[[ The records open ]]

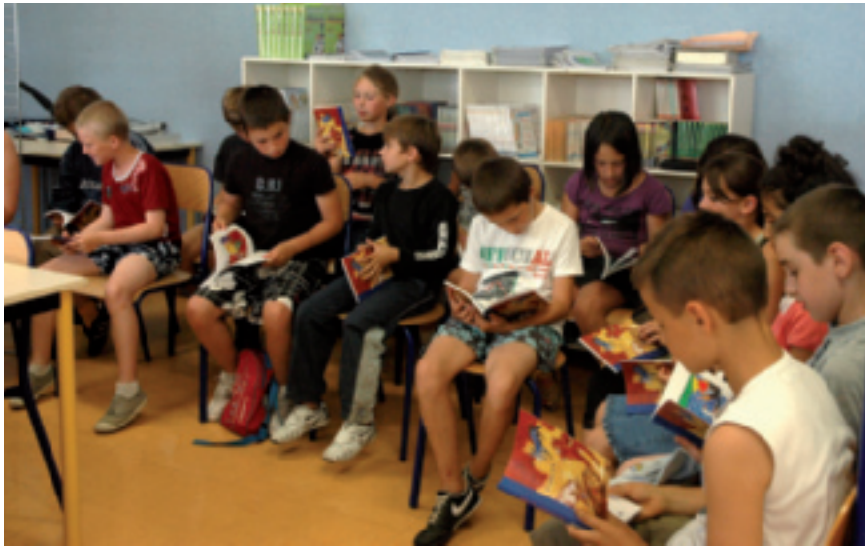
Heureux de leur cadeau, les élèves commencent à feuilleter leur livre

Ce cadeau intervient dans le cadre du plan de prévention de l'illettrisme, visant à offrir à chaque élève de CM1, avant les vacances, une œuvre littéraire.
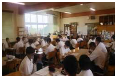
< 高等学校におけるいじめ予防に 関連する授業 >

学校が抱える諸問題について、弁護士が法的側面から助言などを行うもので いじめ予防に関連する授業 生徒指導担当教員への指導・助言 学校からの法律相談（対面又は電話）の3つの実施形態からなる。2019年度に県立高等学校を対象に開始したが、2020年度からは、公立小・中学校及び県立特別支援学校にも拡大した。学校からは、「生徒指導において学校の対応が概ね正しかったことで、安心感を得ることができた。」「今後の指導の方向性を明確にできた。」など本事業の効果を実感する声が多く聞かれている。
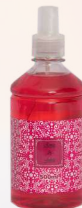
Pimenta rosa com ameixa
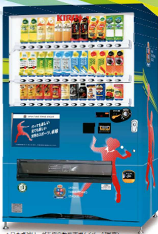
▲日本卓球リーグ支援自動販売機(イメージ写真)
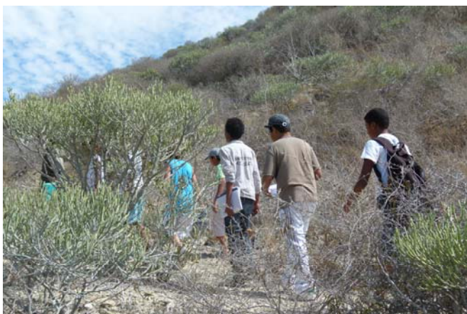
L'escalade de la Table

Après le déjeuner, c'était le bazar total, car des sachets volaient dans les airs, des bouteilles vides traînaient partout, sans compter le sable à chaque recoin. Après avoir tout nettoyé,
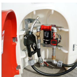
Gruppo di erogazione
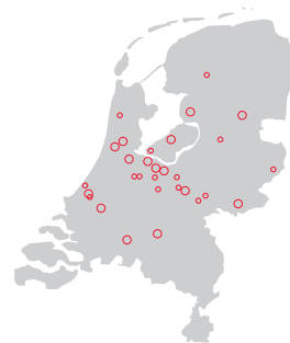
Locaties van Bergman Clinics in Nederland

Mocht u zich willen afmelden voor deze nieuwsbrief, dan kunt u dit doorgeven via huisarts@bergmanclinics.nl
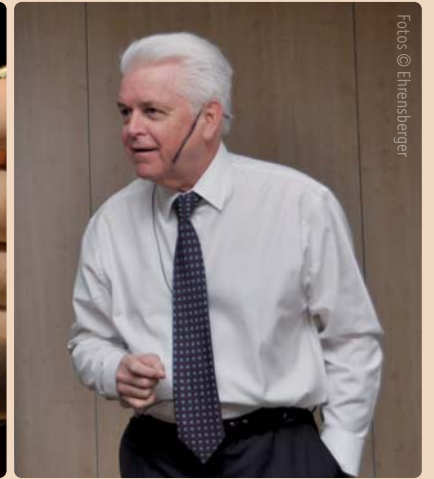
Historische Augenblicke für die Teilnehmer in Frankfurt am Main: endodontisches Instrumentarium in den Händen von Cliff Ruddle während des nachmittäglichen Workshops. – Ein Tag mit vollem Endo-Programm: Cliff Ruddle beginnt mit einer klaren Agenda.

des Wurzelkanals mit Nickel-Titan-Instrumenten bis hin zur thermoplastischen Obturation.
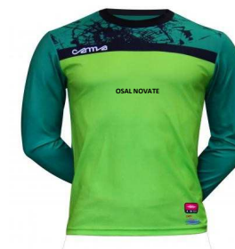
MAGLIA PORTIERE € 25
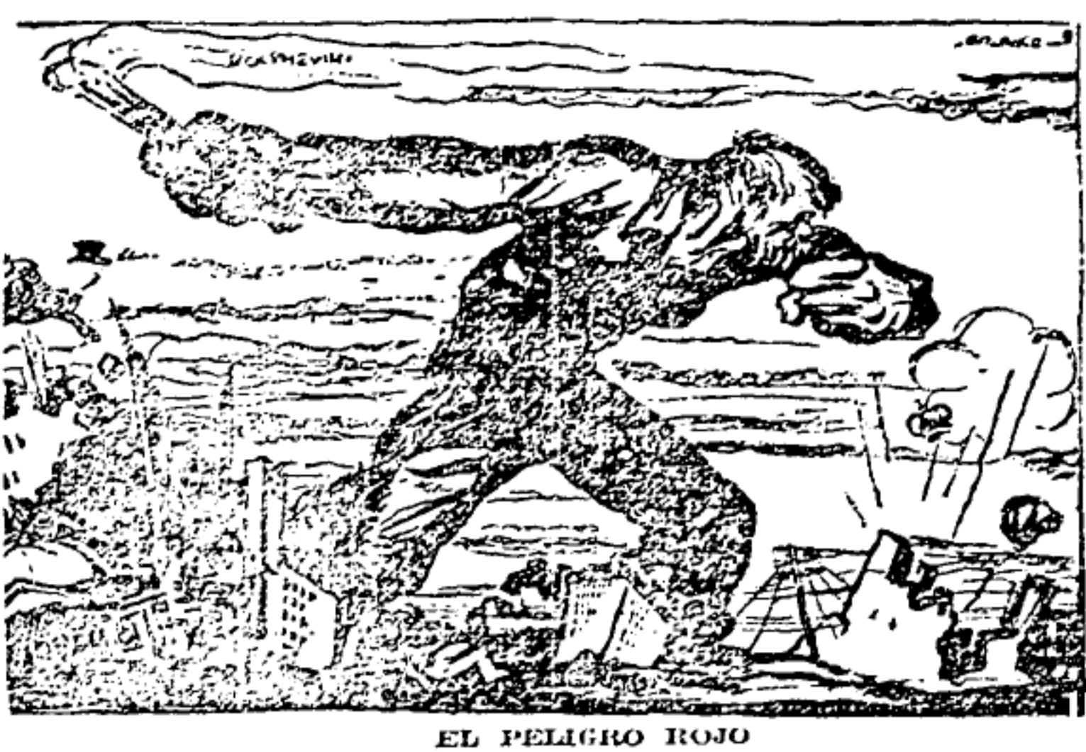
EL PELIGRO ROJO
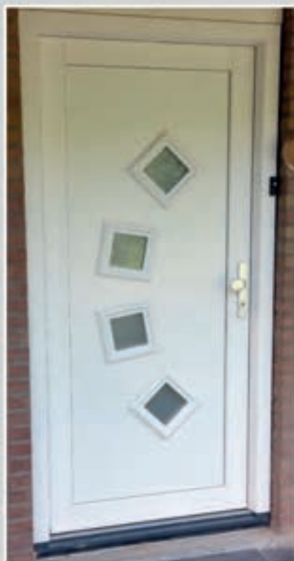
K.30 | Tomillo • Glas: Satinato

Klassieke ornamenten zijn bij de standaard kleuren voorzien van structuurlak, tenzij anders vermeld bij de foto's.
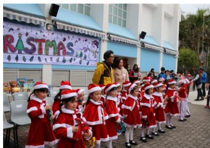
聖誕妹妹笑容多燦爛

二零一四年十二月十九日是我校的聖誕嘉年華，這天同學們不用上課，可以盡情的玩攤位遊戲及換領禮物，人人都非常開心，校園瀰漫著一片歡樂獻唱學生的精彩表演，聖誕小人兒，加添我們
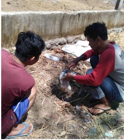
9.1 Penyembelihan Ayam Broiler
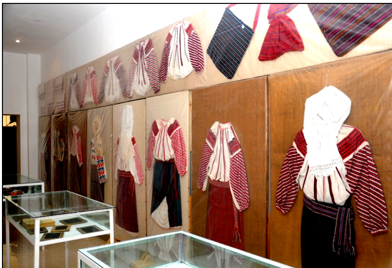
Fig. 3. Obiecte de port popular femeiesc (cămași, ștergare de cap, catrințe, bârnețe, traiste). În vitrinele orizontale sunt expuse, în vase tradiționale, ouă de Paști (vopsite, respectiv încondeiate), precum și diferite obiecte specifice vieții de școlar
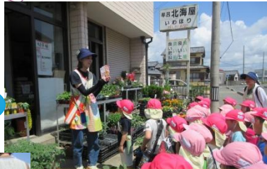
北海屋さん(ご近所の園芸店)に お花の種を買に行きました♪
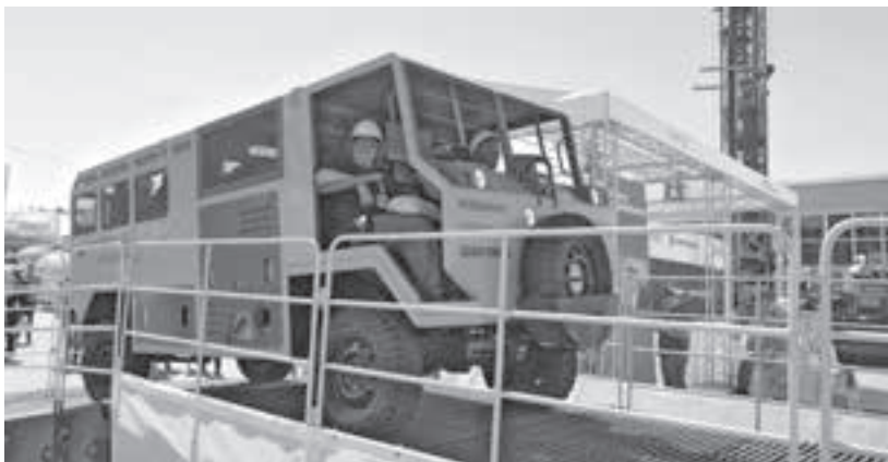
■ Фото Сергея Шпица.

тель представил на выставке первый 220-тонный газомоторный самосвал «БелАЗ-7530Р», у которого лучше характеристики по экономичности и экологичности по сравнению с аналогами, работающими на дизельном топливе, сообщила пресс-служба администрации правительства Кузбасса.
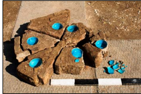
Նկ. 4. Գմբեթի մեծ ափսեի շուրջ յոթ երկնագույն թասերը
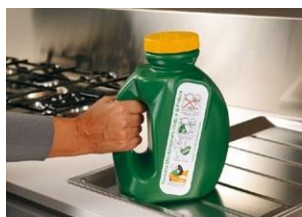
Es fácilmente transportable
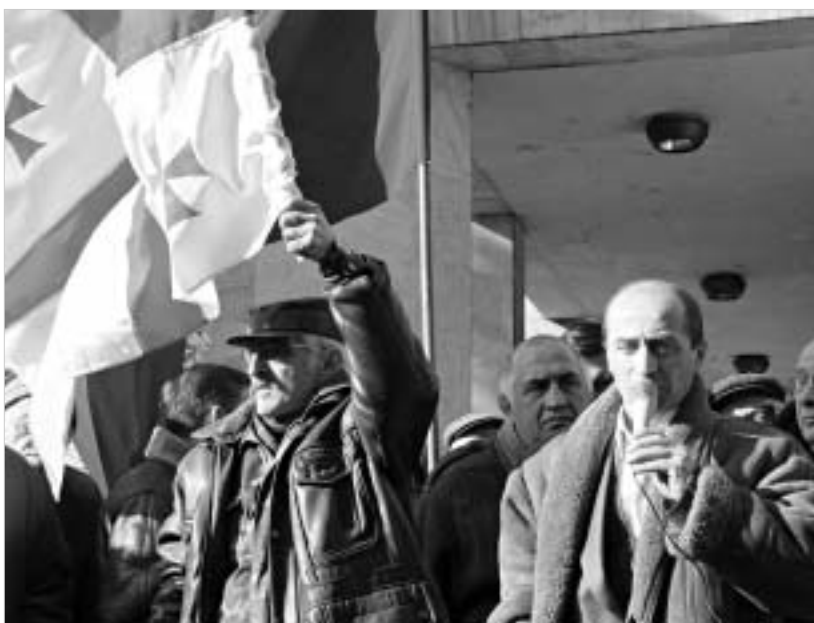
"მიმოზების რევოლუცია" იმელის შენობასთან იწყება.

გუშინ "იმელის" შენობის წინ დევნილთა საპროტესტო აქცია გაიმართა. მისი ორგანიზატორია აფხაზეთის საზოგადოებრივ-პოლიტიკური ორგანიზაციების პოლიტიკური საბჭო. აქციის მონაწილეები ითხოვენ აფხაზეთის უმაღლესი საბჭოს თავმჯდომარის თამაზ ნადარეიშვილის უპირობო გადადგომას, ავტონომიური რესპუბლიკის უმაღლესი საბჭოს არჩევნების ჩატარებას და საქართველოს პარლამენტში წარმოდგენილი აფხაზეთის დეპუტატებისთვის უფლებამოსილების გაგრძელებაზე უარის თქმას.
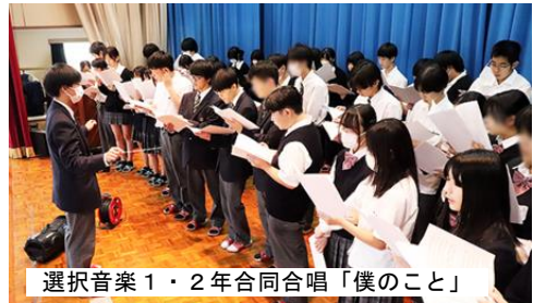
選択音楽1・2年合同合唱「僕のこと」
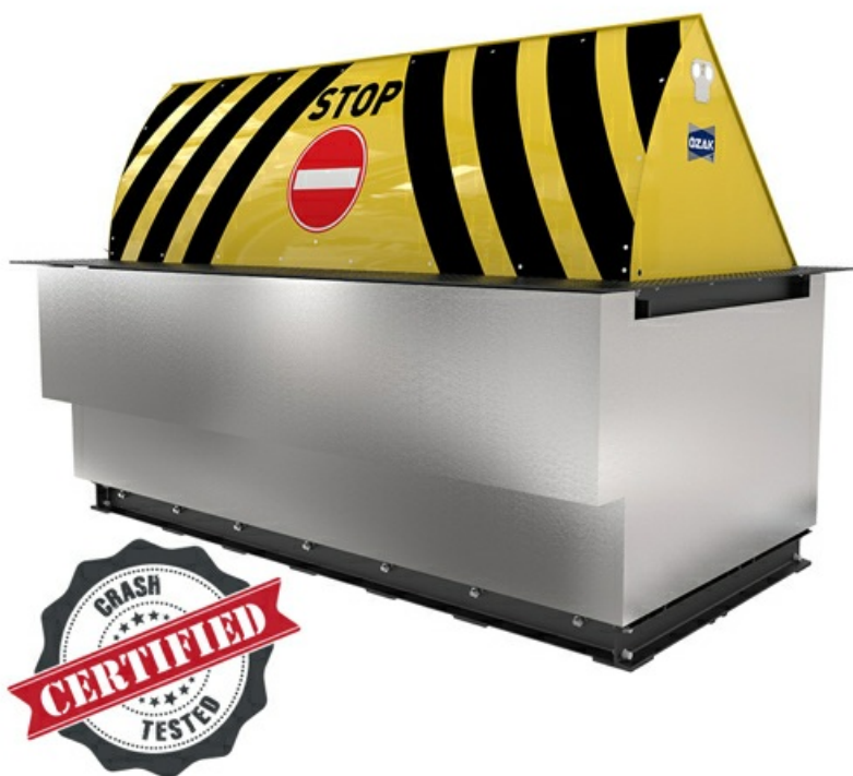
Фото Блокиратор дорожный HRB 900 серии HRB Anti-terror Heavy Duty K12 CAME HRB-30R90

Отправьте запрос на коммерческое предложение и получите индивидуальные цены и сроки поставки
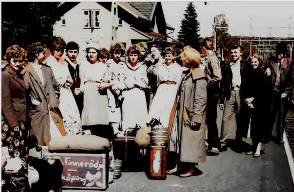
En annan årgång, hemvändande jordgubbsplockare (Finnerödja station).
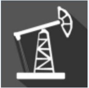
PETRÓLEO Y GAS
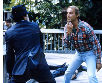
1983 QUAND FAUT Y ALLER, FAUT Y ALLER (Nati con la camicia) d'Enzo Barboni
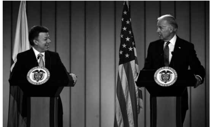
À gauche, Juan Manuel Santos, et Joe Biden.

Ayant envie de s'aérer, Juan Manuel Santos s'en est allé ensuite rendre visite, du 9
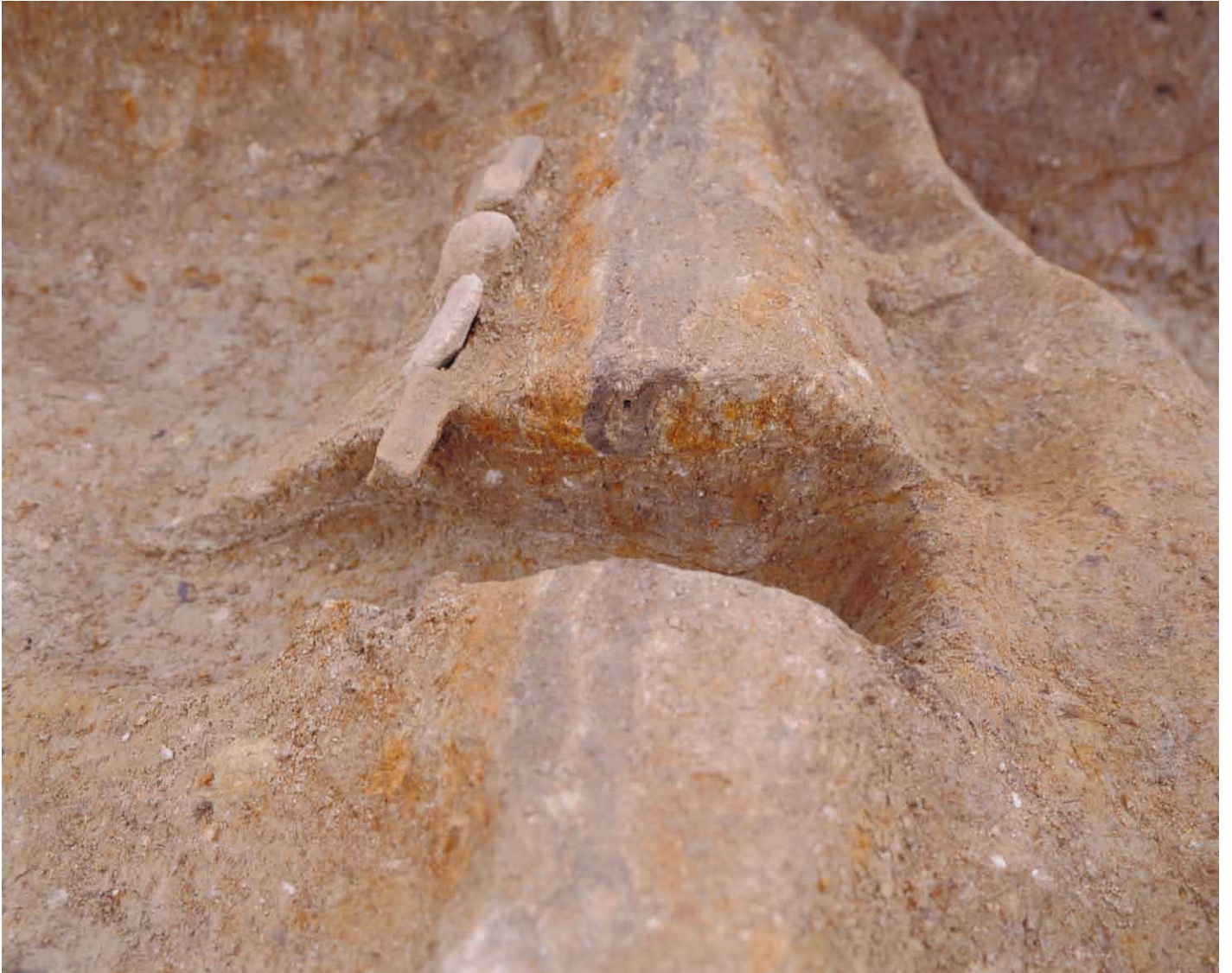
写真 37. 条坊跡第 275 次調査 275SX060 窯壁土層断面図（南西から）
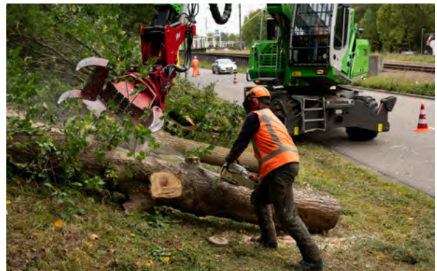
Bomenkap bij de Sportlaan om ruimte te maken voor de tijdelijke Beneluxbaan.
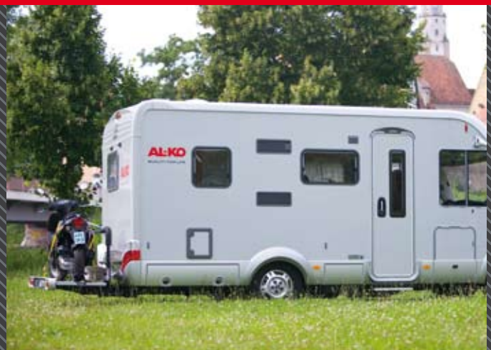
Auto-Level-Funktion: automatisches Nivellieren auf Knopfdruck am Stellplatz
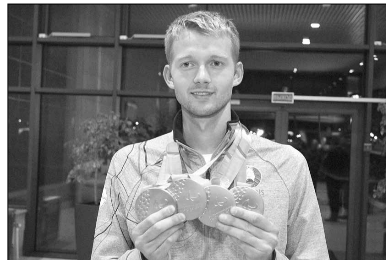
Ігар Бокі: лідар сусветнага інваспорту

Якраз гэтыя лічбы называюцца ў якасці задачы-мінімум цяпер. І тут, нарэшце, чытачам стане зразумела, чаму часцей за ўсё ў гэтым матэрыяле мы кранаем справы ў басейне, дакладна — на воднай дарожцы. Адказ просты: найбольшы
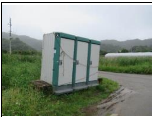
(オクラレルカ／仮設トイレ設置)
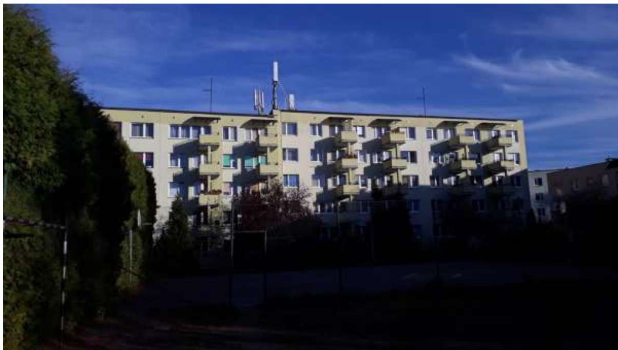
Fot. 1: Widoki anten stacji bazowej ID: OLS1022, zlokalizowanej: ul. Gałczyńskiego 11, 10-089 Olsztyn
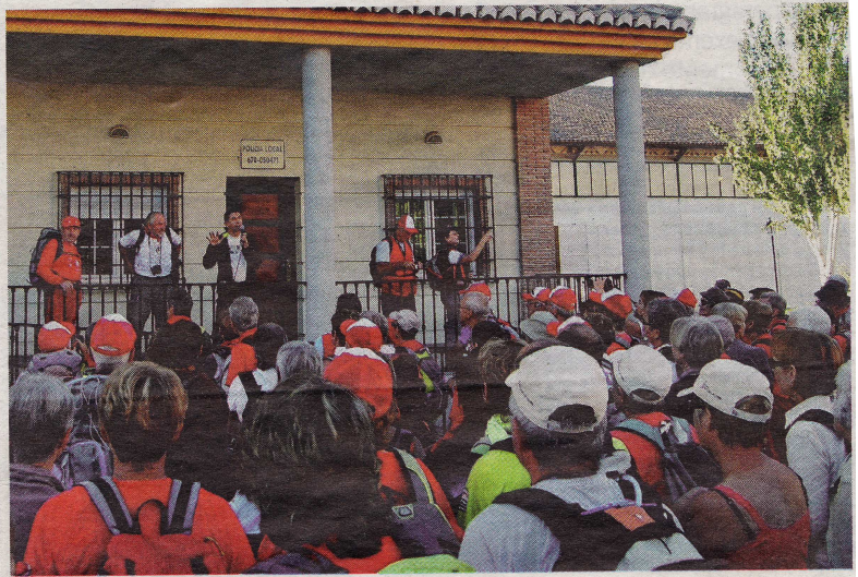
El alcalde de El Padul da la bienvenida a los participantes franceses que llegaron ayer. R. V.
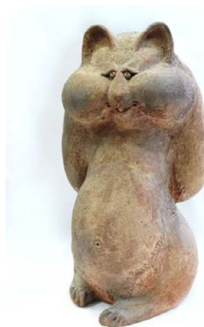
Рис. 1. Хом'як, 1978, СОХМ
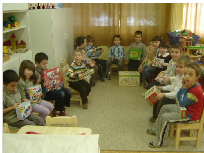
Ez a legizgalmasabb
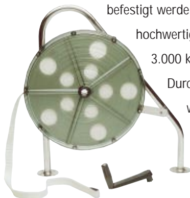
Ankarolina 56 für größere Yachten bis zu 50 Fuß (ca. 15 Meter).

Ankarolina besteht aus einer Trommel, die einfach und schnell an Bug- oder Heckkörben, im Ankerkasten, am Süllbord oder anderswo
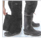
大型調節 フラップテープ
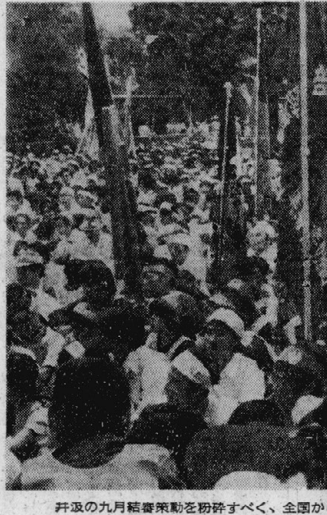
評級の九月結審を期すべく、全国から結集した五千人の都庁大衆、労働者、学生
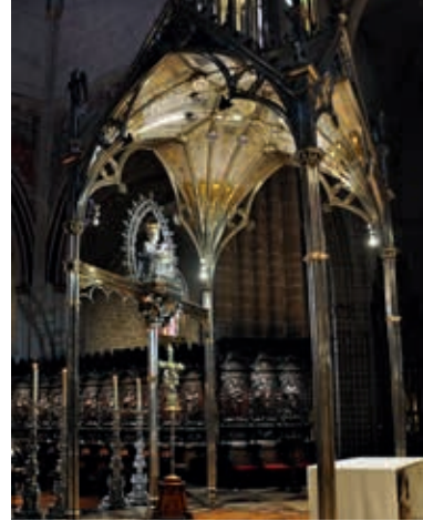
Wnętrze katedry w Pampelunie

[[ The records closed ]]

■ What you need to do: Your answer must be an exact copy of the lines from the start of the entries through the line with "Фото Сергея Шпица.", with no pictures.

■ Exercise response:
Heureux de leur cadeau, les élèves commencent à feuilleter leur livre

Ce cadeau intervient dans le cadre du plan de prévention de l'illettrisme, visant à offrir à chaque élève de CM1, avant les vacances, une œuvre littéraire.
< 高等学校におけるいじめ予防に 関連する授業 >

学校が抱える諸問題について、弁護士が法的側面から助言などを行うもので いじめ予防に関連する授業 生徒指導担当教員への指導・助言 学校からの法律相談（対面又は電話）の3つの実施形態からなる。2019年度に県立高等学校を対象に開始したが、2020年度からは、公立小・中学校及び県立特別支援学校にも拡大した。学校からは、「生徒指導において学校の対応が概ね正しかったことで、安心感を得ることができた。」「今後の指導の方向性を明確にできた。」など本事業の効果を実感する声が多く聞かれている。
Pimenta rosa com ameixa
▲日本卓球リーグ支援自動販売機(イメージ写真)
L'escalade de la Table

Après le déjeuner, c'était le bazar total, car des sachets volaient dans les airs, des bouteilles vides traînaient partout, sans compter le sable à chaque recoin. Après avoir tout nettoyé,
Gruppo di erogazione
Locaties van Bergman Clinics in Nederland

Mocht u zich willen afmelden voor deze nieuwsbrief, dan kunt u dit doorgeven via huisarts@bergmanclinics.nl
Historische Augenblicke für die Teilnehmer in Frankfurt am Main: endodontisches Instrumentarium in den Händen von Cliff Ruddle während des nachmittäglichen Workshops. – Ein Tag mit vollem Endo-Programm: Cliff Ruddle beginnt mit einer klaren Agenda.

des Wurzelkanals mit Nickel-Titan-Instrumenten bis hin zur thermoplastischen Obturation.
MAGLIA PORTIERE € 25
EL PELIGRO ROJO
K.30 | Tomillo • Glas: Satinato

Klassieke ornamenten zijn bij de standaard kleuren voorzien van structuurlak, tenzij anders vermeld bij de foto's.
聖誕妹妹笑容多燦爛

二零一四年十二月十九日是我校的聖誕嘉年華，這天同學們不用上課，可以盡情的玩攤位遊戲及換領禮物，人人都非常開心，校園瀰漫著一片歡樂獻唱學生的精彩表演，聖誕小人兒，加添我們
9.1 Penyembelihan Ayam Broiler
Fig. 3. Obiecte de port popular femeiesc (cămași, ștergare de cap, catrințe, bârnețe, traiste). În vitrinele orizontale sunt expuse, în vase tradiționale, ouă de Paști (vopsite, respectiv încondeiate), precum și diferite obiecte specifice vieții de școlar
北海屋さん(ご近所の園芸店)に お花の種を買に行きました♪
■ Фото Сергея Шпица.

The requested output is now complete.